Oba Adedotun Aremu Gbadebo, the Alake of Egbaland, Colossus of Ake, and Paramount Ruler of the Egba people, is a leader whose reign has been defined by a clear and consistent vision: Egbaland, prosperous, united, and respected.

He is not a ceremonial figurehead content to bless occasions and remain above the fray. He is an active, engaged ruler who understands that the dignity of his people is inseparable from their economic and cultural visibility in the modern world. Sources also confirm that the Alake-Egbaliganza Drum, a landmark monument symbolising the union of Egba traditional authority and cultural renaissance, is in development, with its unveiling set to be one of Abeokuta’s most significant cultural moments yet.

In the current moment, sources confirm that the Alake has been engaged from the beginning, not as an alarmed observer scrambling to contain damage, but as a deliberate leader applying the full measure of his institutional authority to ensure that whatever internal tensions exist are resolved in a manner worthy of Egba tradition. Dialogue. Consensus. The patient, unhurried work of holding a community together across differences without allowing those differences to become the community’s defining story.

The Alake’s confidence in Egbaland’s ability to carry both heritage and growth simultaneously is not naivety.
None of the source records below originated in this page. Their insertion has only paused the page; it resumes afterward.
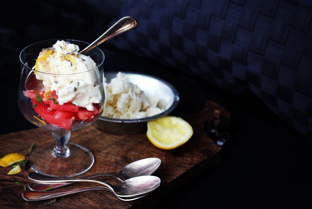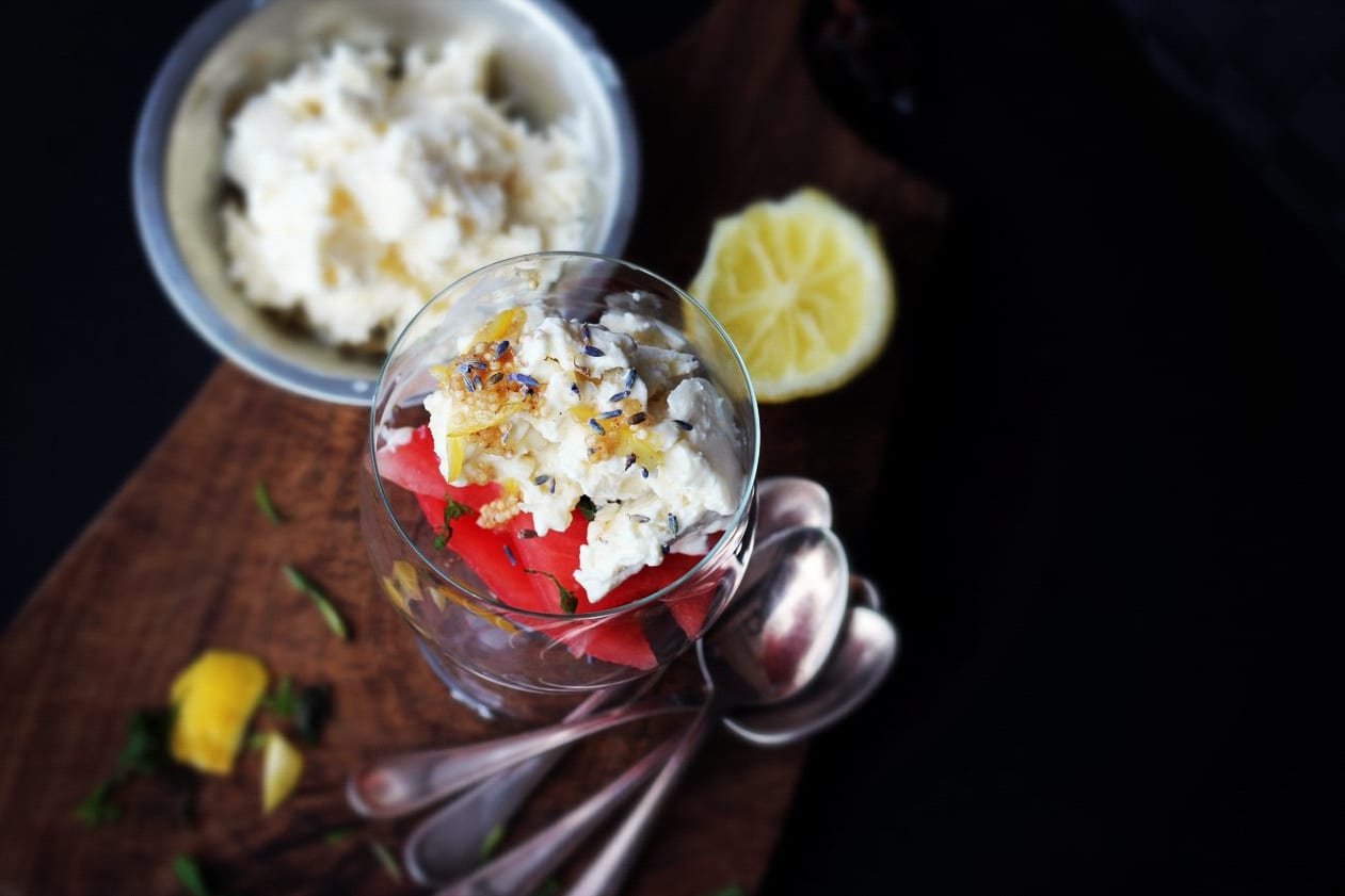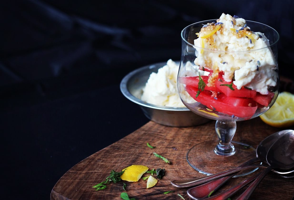 Cool, refreshing, and light, this ricotta ice cream recipe makes a tub full of goodness that tastes as good as it looks. The addition of honey, vanilla, and rice milk gives it a richness and depth of flavour that sings all the way from the tip of your tongue to the bottom of your belly. Scooped and served with freshly cut wedges of juicy watermelon, thinly sliced mint and lavender buds from the garden, and drizzled with a simple syrup bursting with citrusy sweetness. One scoop and you’ll be walking on sunshine.
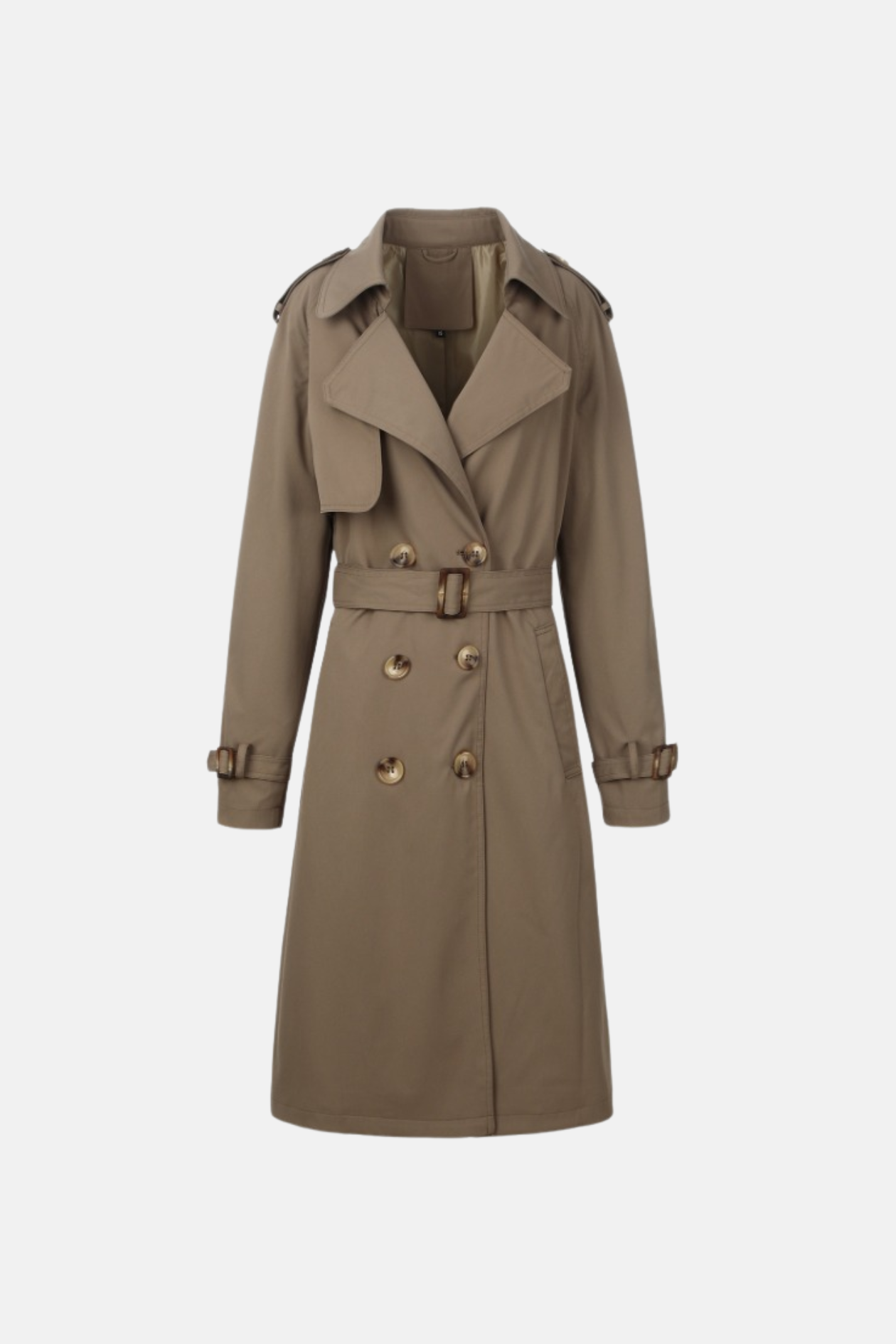 This Liora trench coat is a masterclass in refined outerwear design. With a classic double-breasted cut, structured collar, and a self-tie belt, it offers flattering tailoring that cinches at the waist for a feminine yet powerful silhouette. The durable fabric ensures comfort and ease — ideal for transitional seasons, city commutes, or weekend outings.
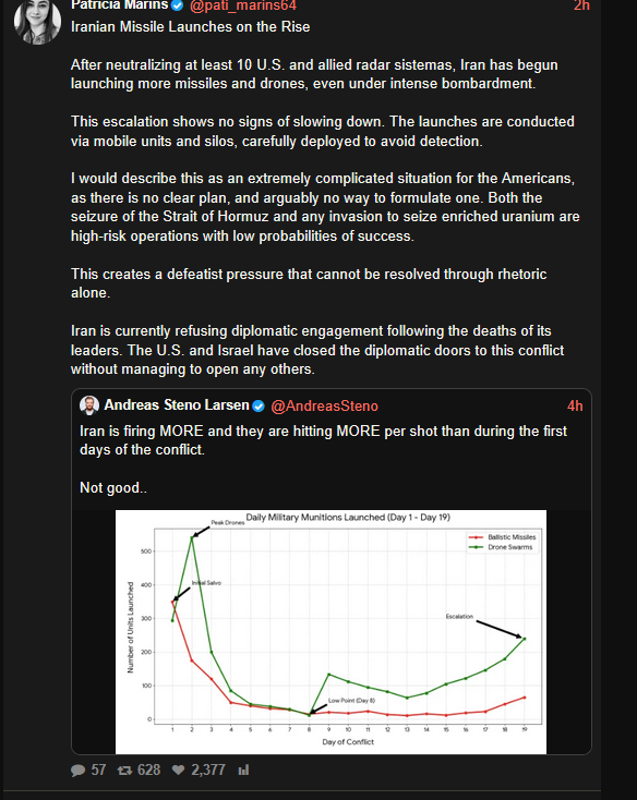 Iran is firing MORE and they are hitting MORE per shot than during the first days of the conflict.
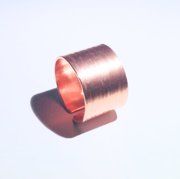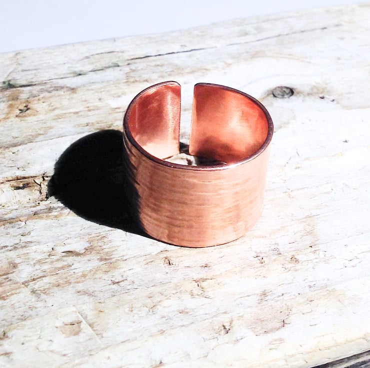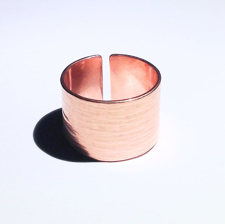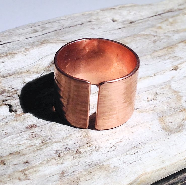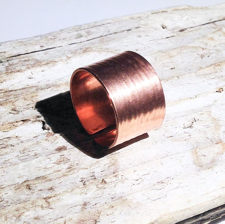 This beautiful ring is hand forged from sheet copper. It has been given an attractive hammer textured finish and polished.
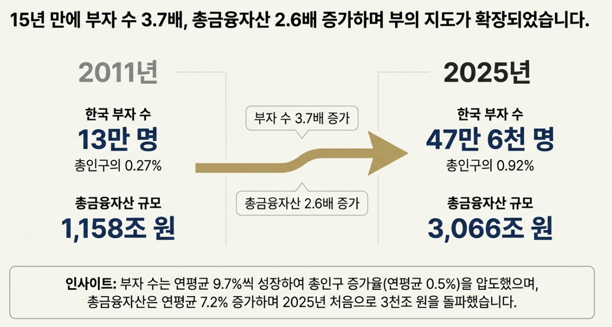 보고서에 따르면, 2011년에 금융자산 10억 원 이상 보유자는 13만 명이었는데, 2025년에는 47만 6천 명으로 증가했습니다. 즉 15년 동안 3배 이상 성장했고, 연평균 증가율은 9.7% 수준으로 제시됩니다
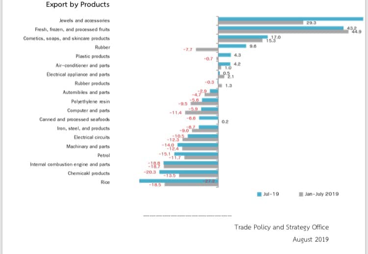 In contrast, industrial products remained positive for a second consecutive month. Top performers are gold (+406.9%), cosmetics, soaps, and skincare products (+17.0 per cent), and air-conditioners (+4.2 per cent). However, some industrial products decreased, for example, oil-related products (-14.2 per cent), computer and parts (-5.9%), automobiles and parts (-2.9 per cent). In the first seven months of 2019, industrial products contracted 1.4 percent.
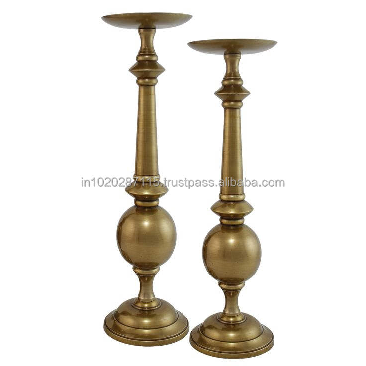 Decorative tall brass candle holder suitable for formal table settings religious festivals and vintage home accents
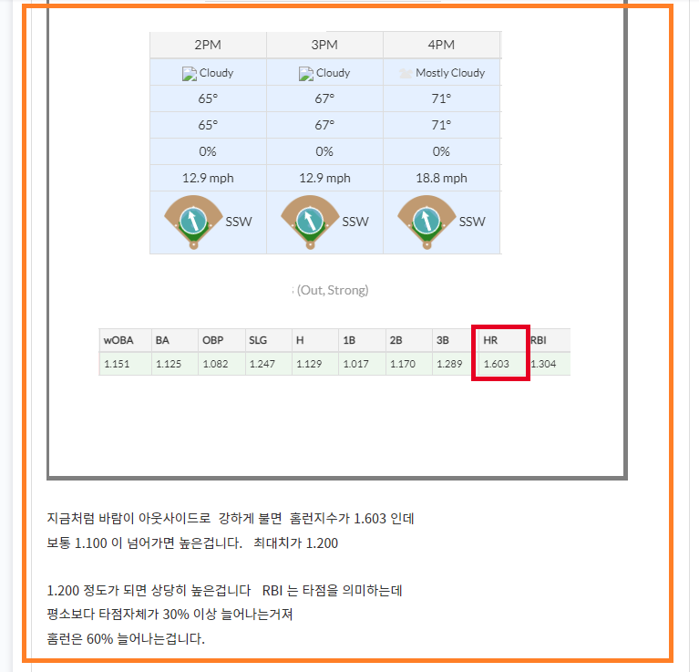 현재 제가 올려드린 구장의 날씨는 현재상태에서의 예측입니다

It is wisdom accumulated across a reign that has seen Egbaland navigate far more complex pressures than a social media controversy. He has seen what happens to communities that mistake internal conflict for cultural authenticity. He is ensuring, quietly and effectively, that Egbaland does not make that mistake now.

Lisabi Agbongbo Akala did not free the Egba people so that their descendants could spend their energy pulling down what each other built. He freed them so they could build, together, and at a scale commensurate with their history.

Egbaliganza is that building. The Alake is the guardian of the ground on which it stands. And the Egba people, at home and across the world, are watching to see who, in this moment, chooses legacy over grievance.

History, as it has always done, will remember the answer.